Putin To Appear at International Summit Following Rebellion
Putin's First Multilateral Appearance Following Insurrection
In the wake of the Wagner insurrection, Russian President Vladimir Putin is set to make his first appearance at a multilateral summit, wielding his influence within an international grouping where his nation still garners support. The stage is the Shanghai Cooperation Organization (SCO), a security bloc formed by Russia and China in response to Western alliances spanning East Asia and the Indian Ocean.
The virtual summit on Tuesday, July 4, serves as a platform for Putin to reinforce his command following the short-lived coup attempt led by Wagner mercenary chief Yevgeny Prigozhin.
The SCO, with its focus on bolstering security and economic cooperation, countering terrorism and drug trafficking, and addressing climate change and Afghanistan's situation post-Taliban takeover, offers a much-needed lifeline to Moscow.
The forum's significance is paramount for Russia, a nation striving to dispel the notion, spread by Western powers, that it stands in international isolation.
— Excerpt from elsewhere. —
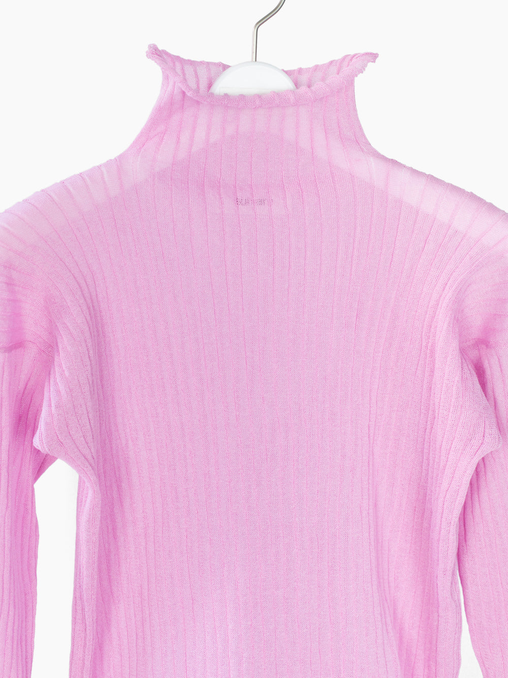 Turtleneck-style longsleeve cut in cotton/poly ribbed organza, formal in shape but deceptively alluring thanks to its diaphanous sheerness. Neck, cuff, and hems are all left raw in a design move that brings both brutalist and punk edge.

The SCO's roster, including Central Asian nations like Kazakhstan, Kyrgyzstan, Tajikistan, Uzbekistan, Pakistan, and the soon-to-be-inducted Iran, underscores the depth of Russian influence in the region. Belarus is also awaiting its turn for membership.
"Putin will want to reassure his partners that he is very much still in charge, and leave no doubt that the challenges to his government have been crushed," Tanvi Madan, a senior fellow at the Brookings Institution, said, as quoted by media reports.
As Putin needs to reaffirm his power, the SCO gathering is a rare global opportunity for Putin to project strength and credibility.
Meanwhile, the international community has largely been silent on Russia's actions. None of the SCO member states condemned Russia in U.N. resolutions, choosing instead to abstain. China has dispatched an envoy to mediate between Russia and Ukraine, and India continually advocates for a peaceful resolution of the conflict.
India, the host of this year's event, finds itself in a unique position. The optics of hosting Putin and China's leader Xi Jinping, mere weeks after a ceremonial state visit by U.S. President Joe Biden, would be less than ideal.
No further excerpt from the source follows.